In the latest matter under dispute, Justice Department attorneys argued the so-called “Anthrax I” plaintiffs were ineligible for government reimbursement of attorneys’ fees and expenses because they had not prevailed on appeal. The government defendants insisted they had won at the appellate court, where a three-judge panel allowed the Pentagon to restart its vaccine program.
Sullivan concluded otherwise, declaring: “There is no question that plaintiffs have prevailed overall as they achieved the permanent injunctive relief that they sought.”
The judge noted that the appellate court sent the case back to the lower court only after the Food and Drug Administration issued a final ruling that certified the anthrax vaccine for use in preventing inhaled anthrax. That was “the exact result” the plaintiffs sought, according to Sullivan.
In the end, then, the government appeal was unnecessary, Sullivan said. He thus termed it “reasonable” for the government to reimburse the plaintiffs for their expenses, “as they ultimately prevailed.”

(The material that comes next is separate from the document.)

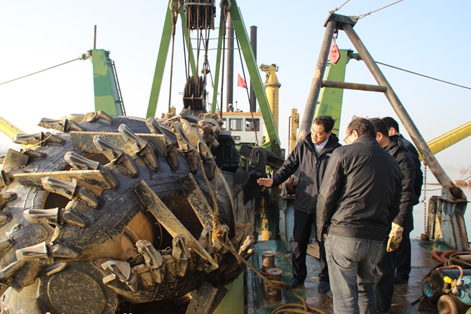 次日一早,戴總、崔主任不辭辛苦,親臨項目施工現(xiàn)場,登上挖泥船,就3800型挖泥船效率、排泥管跨越鐵路線問題進行分析,并提出有針對性解決措施,幫助、指導(dǎo)項目部解決施工難點。最后,戴總提出三點要求:一是鼓勵技術(shù)人員開動腦筋,用創(chuàng)新思維解決實際困難;二是項目公司要加強與當(dāng)?shù)卣臏贤?,協(xié)調(diào)好拆遷補償及當(dāng)前存在的突出問題;三是項目部要在確保安全的前提下,加快工程進度,早日完成工程量。

The decision might well strengthen the hand of the two plaintiff attorneys, Mark Zaid and John Michels, who filed a second legal challenge to the Pentagon’s anthrax vaccination program last December.

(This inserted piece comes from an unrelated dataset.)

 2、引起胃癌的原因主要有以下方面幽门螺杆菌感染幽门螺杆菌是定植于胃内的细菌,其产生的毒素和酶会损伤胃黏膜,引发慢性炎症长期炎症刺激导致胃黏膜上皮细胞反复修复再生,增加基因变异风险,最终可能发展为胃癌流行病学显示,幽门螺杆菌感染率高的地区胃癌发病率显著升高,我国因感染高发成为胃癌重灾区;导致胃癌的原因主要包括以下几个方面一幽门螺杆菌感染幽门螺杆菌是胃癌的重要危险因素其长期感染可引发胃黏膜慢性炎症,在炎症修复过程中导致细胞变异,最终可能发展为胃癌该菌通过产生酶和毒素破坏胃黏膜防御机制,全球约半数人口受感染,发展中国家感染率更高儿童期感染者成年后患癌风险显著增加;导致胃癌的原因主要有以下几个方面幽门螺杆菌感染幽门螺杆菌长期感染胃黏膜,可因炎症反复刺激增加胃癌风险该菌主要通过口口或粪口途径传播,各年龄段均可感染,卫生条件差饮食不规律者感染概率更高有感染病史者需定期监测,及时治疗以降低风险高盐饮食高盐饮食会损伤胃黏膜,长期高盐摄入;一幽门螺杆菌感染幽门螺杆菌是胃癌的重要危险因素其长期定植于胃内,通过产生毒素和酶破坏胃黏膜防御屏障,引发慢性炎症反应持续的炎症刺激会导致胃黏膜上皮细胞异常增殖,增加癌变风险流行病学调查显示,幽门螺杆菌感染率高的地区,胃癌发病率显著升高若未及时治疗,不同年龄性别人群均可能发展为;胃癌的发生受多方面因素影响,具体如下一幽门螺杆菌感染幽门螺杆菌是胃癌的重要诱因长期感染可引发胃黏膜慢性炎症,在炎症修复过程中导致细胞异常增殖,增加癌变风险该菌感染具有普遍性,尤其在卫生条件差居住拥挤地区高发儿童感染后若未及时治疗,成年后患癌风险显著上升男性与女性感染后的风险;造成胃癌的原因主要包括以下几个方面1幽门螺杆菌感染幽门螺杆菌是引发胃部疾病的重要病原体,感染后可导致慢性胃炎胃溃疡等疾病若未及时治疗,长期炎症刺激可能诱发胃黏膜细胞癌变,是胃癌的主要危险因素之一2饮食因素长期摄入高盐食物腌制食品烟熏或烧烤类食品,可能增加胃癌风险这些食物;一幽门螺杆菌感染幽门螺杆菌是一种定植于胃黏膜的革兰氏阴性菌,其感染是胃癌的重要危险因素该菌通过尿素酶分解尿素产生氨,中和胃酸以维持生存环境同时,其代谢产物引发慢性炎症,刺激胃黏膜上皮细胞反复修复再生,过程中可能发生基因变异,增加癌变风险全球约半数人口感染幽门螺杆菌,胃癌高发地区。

Known as “Anthrax II,” the latest lawsuit alleges that the December 2005 FDA certification was invalid and that the Pentagon has resumed administering treatments inconsistent with the approved drug license. Zaid and Michels are asking the federal judge hearing that case, Rosemary Collyer, to impose another ban on the defense effort until the vaccine is properly tested and licensed for Pentagon use.
In last month’s decision, Sullivan bolstered from the bench the arguments the new set of eight plaintiffs make in their lawsuit. The judge clearly rejected the government’s long-standing contention that the original drug license allowed the vaccine to be used for the prevention of anthrax regardless of the route of exposure, including disease contracted through the lungs. The license cited a more narrow use for the vaccine: to prevent disease in mill workers, veterinarians or laboratory personnel, who might contract anthrax through the skin by handling animals or pelts.

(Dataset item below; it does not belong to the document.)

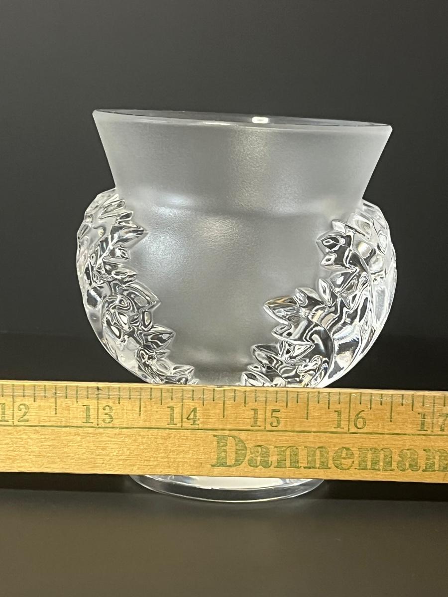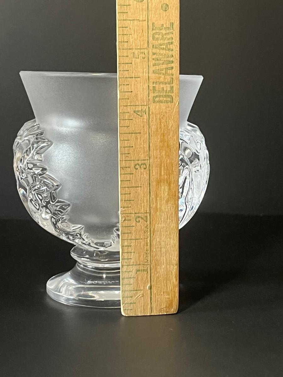 Vintage Lalqiue frosted crystal vase. Please see all pictures as they are the best representation of the items. The pictures show condition, measurements if taken, and what is included in the lot. Due to the large amount that we photograph and the time frame, we are not always able to take measurements. All items unless noted, are pre-owned and have been used. If you purchased furniture, you must bring help. We do not allow one person to carry large furniture out on their own. Bring help, tools and a truck for the safety of our client’s homes, and your personal safety. Any damages that result to the property including walls, and floors due to moving of the furniture will be charged to the buyer. Company policy. Thank you.
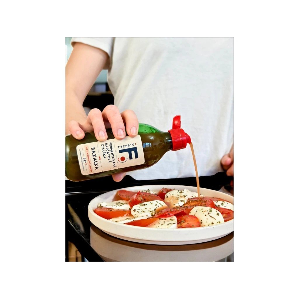 Značka FerMato připravila něco skutečně výjimečného: zralá rajčata, čerstvý zázvor a česnek jsme společně s nimi nechali fermentovat a celý proces završili přidáním čerstvé svěží bazalky. Výsledkem je zálivka s bohatou chutí — sladkou, slanou, kyselou i umami — a bazalka ji dává jemný zelený nádech.

When the Food and Drug Administration issued its court-mandated certification in 2005, the license was updated to reflect the agency’s contention that the vaccine could be used more broadly to prevent disease from airborne spores.
Sullivan’s new decision reaffirms the plaintiffs’ view that the vaccine was proven safe and effective only in “limited circumstances” and that a “lack of data permitted no meaningful analysis of the [vaccine’s] effectiveness against inhalation anthrax.”